Hand-cut filet mignon tartare, carciofi fritti, parmigiano reggiano, egg yolk, and lemon. “Battuta” is the Italian way of saying “beaten” or “chopped,” and here it signals a tartare that wears its craftsmanship proudly. Unlike machine-ground preparations, the filet mignon at Mother Wolf is hand-cut into clean, precise cubes, so the meat retains its integrity, almost jewel-like in its texture.
The composition is as much about contrast as it is about purity. There’s the cool, supple richness of the beef, with a touch of lemon’s acidity. Then, the golden yolk binds the elements together with a velvety touch. The sharp, nutty threads of Parmigiano Reggiano lend structure, a kind of savory backbone, while fried artichokes (carciofi fritti) deliver crunch and a faint bitterness, the dish’s much-needed foil.
My impression is that this was the dish that most clearly revealed Mother Wolf’s philosophy. Reverence for tradition, yes, but with a sense of theater, with the fried artichokes almost crackling in contrast to the silken beef. It’s a plate that insists you slow down, pay attention, and savor the craft.
And you gotta add a little green, for which you should absolutely consider the Misticanza Di Campo with market lettuces, shaved vegetables, condimento di lambrusco, herbs, and flowers:

This isn’t your run-of-the-mill “house salad.” The misticanza plays as a palate cleanser, an interlude between heavier antipasti and the main to come. The use of condimento di lambrusco is smart. Lambrusco is a sparkling red wine (or lightly fizzy variant) from Italy, it’s slight bubbles, fruity red-berry notes, and modest tannin structure give the dressing lift. It helps the greens shift from “just fresh” to “bright with character.” The shaved vegetables add crispness; the herbs give aromatic lift; edible flowers are the final flourish.
First bite: clean, crisp, like walking through a greenhouse.
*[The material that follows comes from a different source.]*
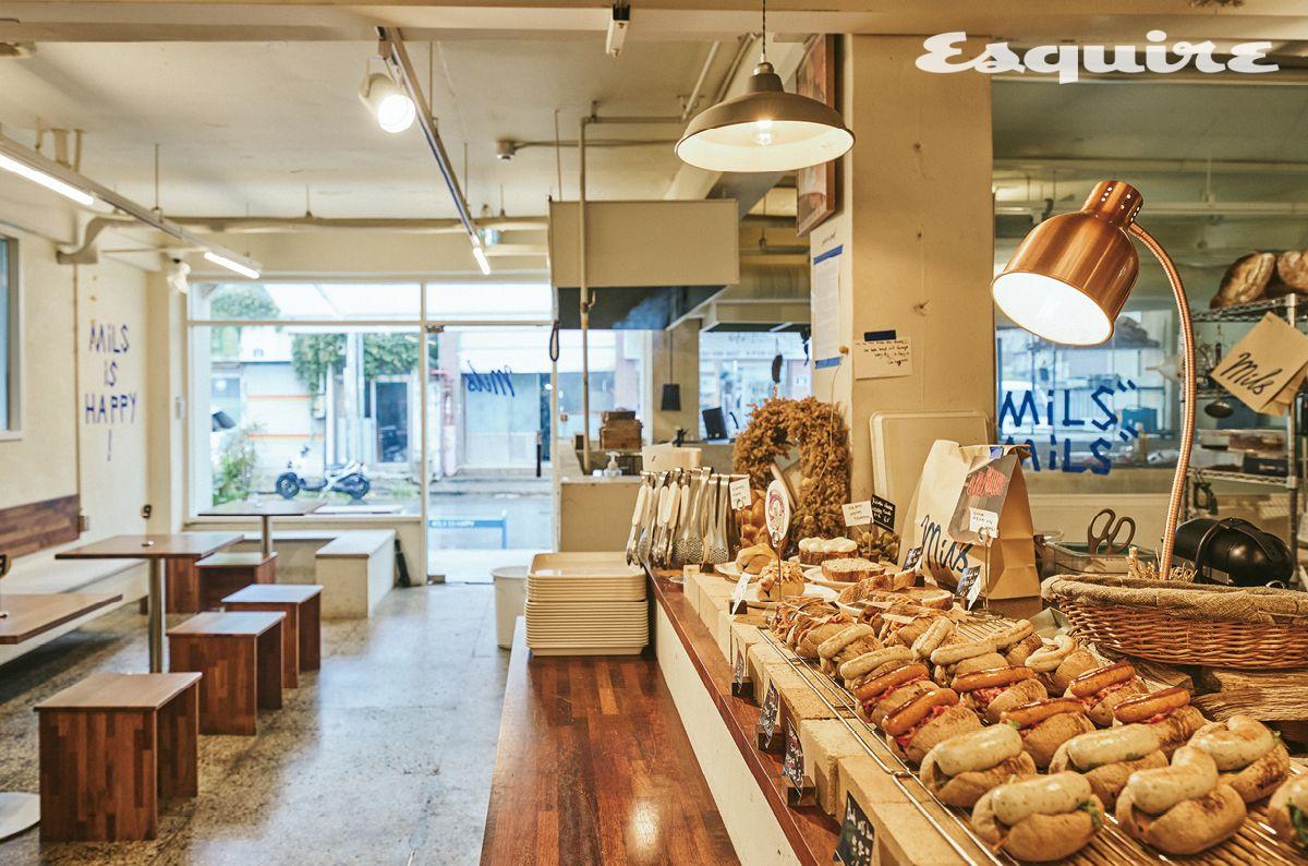 밀스는 덴마크 108, 한남동 모수 등 미쉐린 파인다이닝 레스토랑에서 이력을 쌓은 정영훈 셰프가 지난해 12월 오픈한 베이커리 카페다. 타르틴 베이커리 출신의 베이커, 세스크멘슬 출신의 샤퀴트리 전문가, 오츠커피 출신의 베버리지 디렉터까지 스태프들의 면면도 놀랍다. 이들이 밀스에서 각자의 전문 영역을 맞붙이고 섞으며 만드는 건 꽤나 창의적인 메뉴들이다. 다양한 종류의 소시지 번부터 포카치아를 곁들인 소시지 스튜, 베트남 샌드위치 반미를 변용한 반 밀스 번까지. 보거나 듣기만 해도 흥미롭지만 맛을 볼 때 가장 큰 감탄이 나온다. 그 맛을 위해 밀스가 얼마나 기본에 충실하고 수고로운 방식으로 일하고 있는지에 대해서도 할 말이 많다. 하지만 성수동이 과연 그런 디테일 차이를 받아들일 준비가 된 동네일까? 자꾸만 원가 절감에 대해서만 고민하게 만드는 동네는 아닐까? 정영훈 셰프는 적절한 지적이라며 고개를 끄덕였다. “사람들이 밀스를 어떤 이미지로 받아들이지는지는 사실 잘 모르겠어요. 이 공간을 정말로 좋아해주시는 건지, 인스타그램 보고 그냥 한 번 와보는 건지. 다만 저희는 저희가 집중해야 할 부분에 집중할 수밖에 없다고 봐요.” 정영훈 셰프가 인터뷰하는 동안 내놓은 표현 중 그 ‘집중해야 할 부분’에 가장 가까워 보이는 건 ‘올바른 맛’이었다. 성수동이 자꾸만 잃어가고 있다고 생각되는 것. 하나가 더 있었다. ‘행복’. 어떻게 들릴지 모르겠지만, 밀스는 ‘행복’을 추구한다. 그리고 그 관점에서 보기에도 밀스는 좋은 입지를 가졌다. “오픈 초기에는 거의 90%가 인스타그램 보고 찾아온 사람이었거든요. 요새는 동네 분들이 30~40%는 돼요. 정말 이웃처럼 친하게 지내는 분들도 많이 생겼죠.”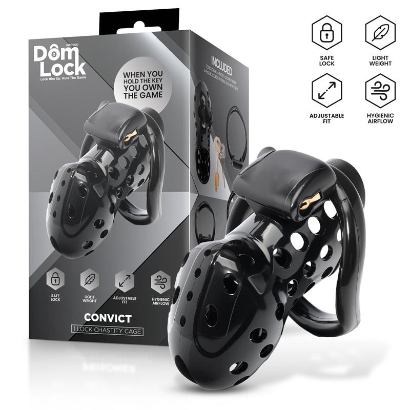 Convict is a black cage that includes four rings of different sizes so you can choose when to use them and enjoy submission in the safest way possible. It also includes one locking piece and five single-use plastic padlocks.

The lettuce is tender. The cucumbers snap with a subtle sweetness. The condimento, when it hits your tongue, mingles acidity, soft fruit, and a whisper of steel. It doesn’t masquerade or overpower; it lets the greens speak—just an excellent, bright dish to break up some of the heaviness.
Now, what we are all here for, the pizza! I’ve been told it’s worth your attention here just as much as the pastas, and I was not steered wrong. We tried 2, but I will recommend the Funghi pizza featuring wild and cultivated mushrooms, taleggio, mozzarella fior di latt, and parmigiano reggiano:

Full disclosure: I lean strongly toward white pizzas with no red sauce for the way they let toppings breathe. This one validated my bias. Why does this pie work?
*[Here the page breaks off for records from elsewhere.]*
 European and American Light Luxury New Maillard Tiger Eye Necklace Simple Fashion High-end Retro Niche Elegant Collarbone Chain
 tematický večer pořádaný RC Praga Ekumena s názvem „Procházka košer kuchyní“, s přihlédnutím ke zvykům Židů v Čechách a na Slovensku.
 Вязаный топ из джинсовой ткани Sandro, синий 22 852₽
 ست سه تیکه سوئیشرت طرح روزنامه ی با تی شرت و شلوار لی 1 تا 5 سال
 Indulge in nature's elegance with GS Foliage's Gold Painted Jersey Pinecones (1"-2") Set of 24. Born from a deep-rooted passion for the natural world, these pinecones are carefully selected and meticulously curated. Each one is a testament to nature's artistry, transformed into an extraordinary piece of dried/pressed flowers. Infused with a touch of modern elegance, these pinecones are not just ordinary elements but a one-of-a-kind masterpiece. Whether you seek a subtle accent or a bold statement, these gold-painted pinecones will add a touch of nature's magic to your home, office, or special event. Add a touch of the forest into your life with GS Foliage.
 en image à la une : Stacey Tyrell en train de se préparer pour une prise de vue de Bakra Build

- Wild + cultivated mushrooms: Earthy, umami-forward, and varied in texture. The wild varieties bring perfume and woodsy notes; the cultivated ones lend consistency and chew.
- Taleggio: A creamy, gently pungent cheese that melts into silky, fragrant pools. It carries a little tang, a little funk.
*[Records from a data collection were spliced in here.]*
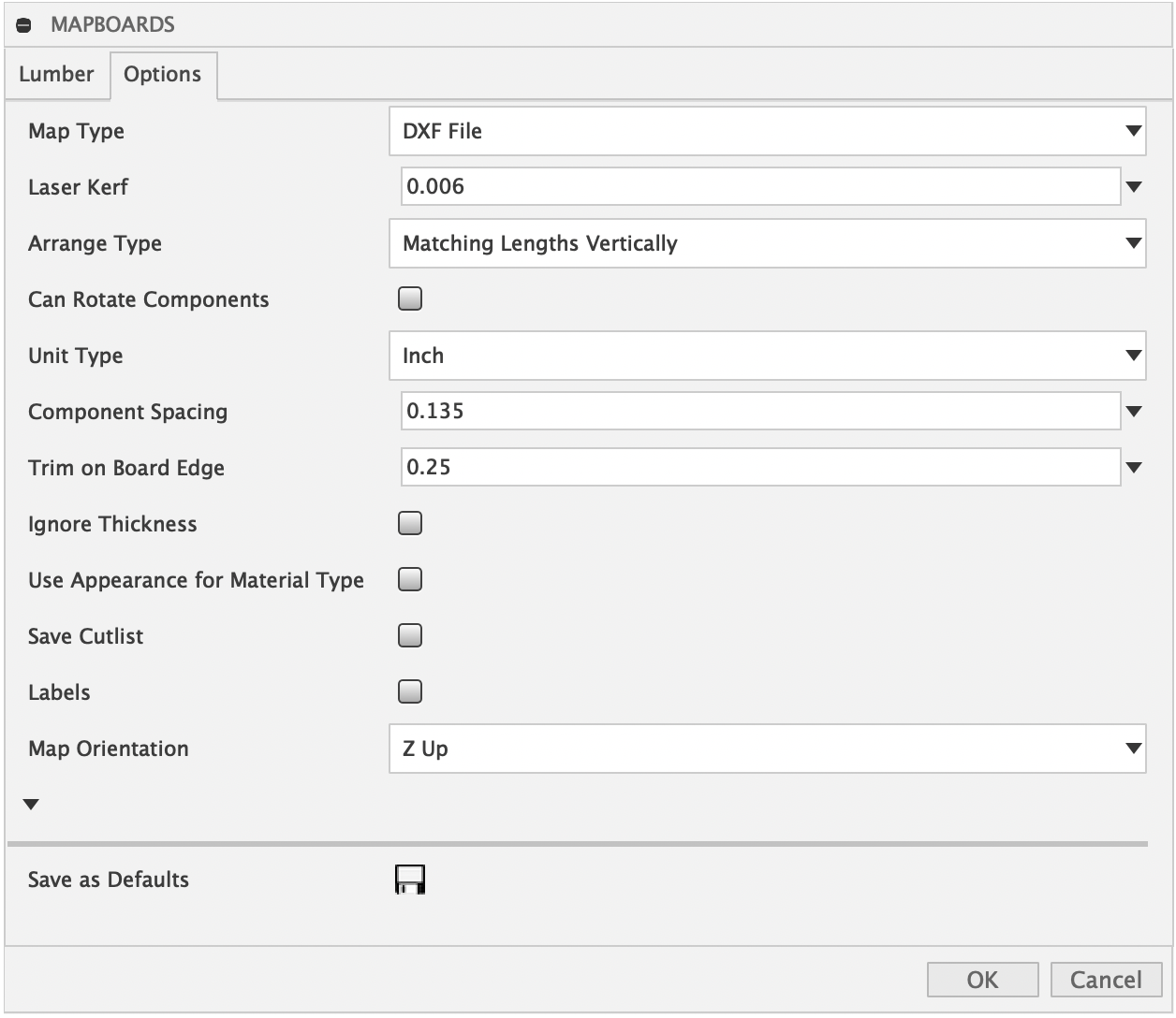MapBoards is an Autodesk® Fusion® add-in designed to help with the arrangement of 3D components onto material boards for efficient manufacturing. It can also help users generate cut lists and flat panel layouts as DXF files.
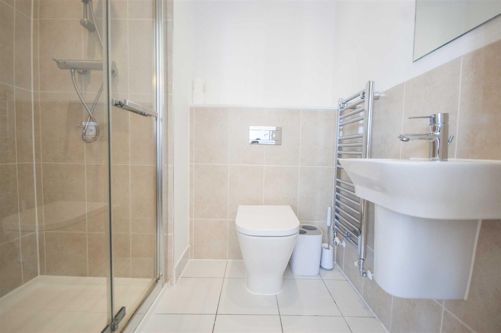 En-Suite: - 1.88m x 1.52m (6'2" x 5') - Fully tiled double shower cubicle, low level W/C, wall mounted hand wash basin, chrome towel radiator, part tiled walls, tiled flooring.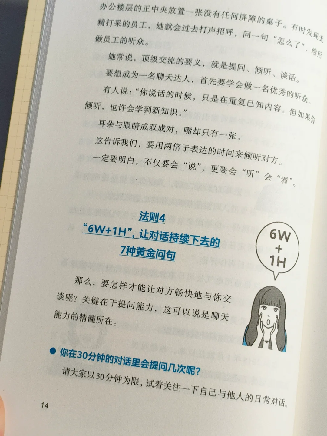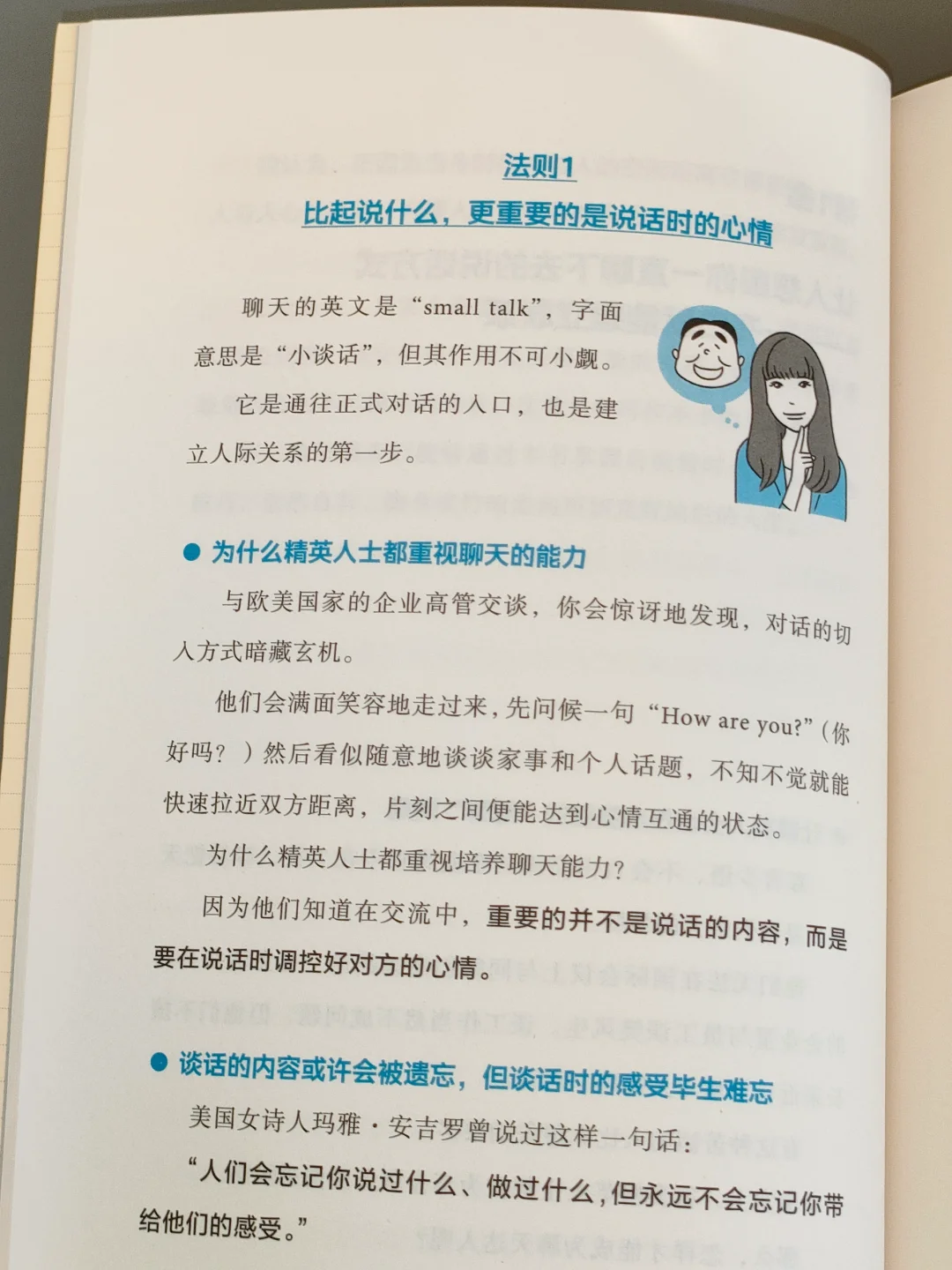 我强烈推荐这本书!因为它与日常见到的教说话的书不一样,不讲高深的沟通技巧,就是贴合实际,模版的对话,直接套用就可以,一看就懂,让你一开口就赢得对方的好感。

- Mozzarella fior di latte: The familiar milky stretch, binding the mushrooms and the crust with gentleness.
- Parmigiano Reggiano: Sprinkled post-bake or at the edge, giving crystalline saltiness and snap.
There’s no red sauce to compete. This pizza places every element front and center: dough, mushrooms, and cheeses. The crust is thin, crisped at the edges, sturdy enough to support its load yet light. I slice through it and see how the Taleggio has melted into ribbons, mingling with the mushrooms, while the mozzarella holds it together in the soft center.
The mushroom flavor saturates you. The Taleggio gives velvet warmth; the mozzarella slows things down with milk and coherence. Meanwhile, the Parmigiano’s shards crackle as I chew, adding brightness, contrast, and savory punctuation. It’s perfection!
Of all the pizzas I’ve had recently, the Funghi is the one I crave when I want pizza now. In a city of sauce bombs and overloaded combinations, this pie shines through. Excellent food, excellent vibes, and an excellent addition to the Miami food scene!